Unable or unwilling to negotiate conflict with skill, we ignore it or avoid it for as long as possible; when we are forced to face it, we escalate everyday disagreements and temporary flare-ups as if they’re life-and-death. Neither approach addresses underlying issues, promotes stronger relationships, nor yields satisfying results. 

It’s no wonder we try to avoid conflict and have a challenging time finding consensus. Conflict is getting the better of us. 

But what if conflict could be reframed—not as an obstacle to be overcome but as an opportunity to forge stronger relationships? 

In the new book, Conflict Resilience: Negotiating Disagreement Without Giving Up or Giving In, two former Harvard faculty—internationally-recognized negotiator, mediator and conflict management expert Robert Bordone, a Senior Fellow at Harvard Law School, and leading behavioral neurologist and cutting-edge scientist Joel Salinas, M.D.—show us how we can turn conflict into a win for everyone. 

“We teach you how to develop and flex your conflict-resilient muscles and start handling conflict without escalating it, avoiding it, or surrendering your most closely held values or most desirable outcomes,” explain the authors. 
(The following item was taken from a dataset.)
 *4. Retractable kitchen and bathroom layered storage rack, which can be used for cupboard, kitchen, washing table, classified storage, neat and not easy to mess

“We also explain in easy-to-follow language how our brains and bodies process conflict and teach you surprisingly simple steps, strategies, and best practices on how to emerge from moments of conflict more empowered and with more equanimity." 
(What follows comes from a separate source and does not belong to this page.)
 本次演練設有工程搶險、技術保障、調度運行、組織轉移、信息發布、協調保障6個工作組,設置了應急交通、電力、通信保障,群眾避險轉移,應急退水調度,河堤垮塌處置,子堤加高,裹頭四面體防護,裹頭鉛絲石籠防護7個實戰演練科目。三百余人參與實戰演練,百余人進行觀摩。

Conflict resilience is a skillset and mindset that empowers us to sit genuinely with disagreement and grow from it. It involves practical solutions that tap into what’s actually happening in our bodies and our brains during moments of conflict. 

Drawing on both powerful neuroscience and advanced conflict management techniques, Bordone and Salinas share genius brain hacks and a groundbreaking three-step framework to navigate conflict, including: 

  1. NAME (and dig deep) – to better understand your relationship with conflict, name or diagnose recurring patterns around it. Deeply examining experiences and responses cand rive greater awareness and tolerance to the discomfort of disagreement
  2. EXPLORE (and be brave) – to cultivate genuine curiosity, ask brave questions that explore your deeper motivations, that authentically connect to what you genuinely want
  3. COMMIT (and own the conflict) – engage with conflict constructively, setting the table for a positive, collaborative process. Take responsibility, actively engage in the process, and shape a culture that encourages open discussion about differences. 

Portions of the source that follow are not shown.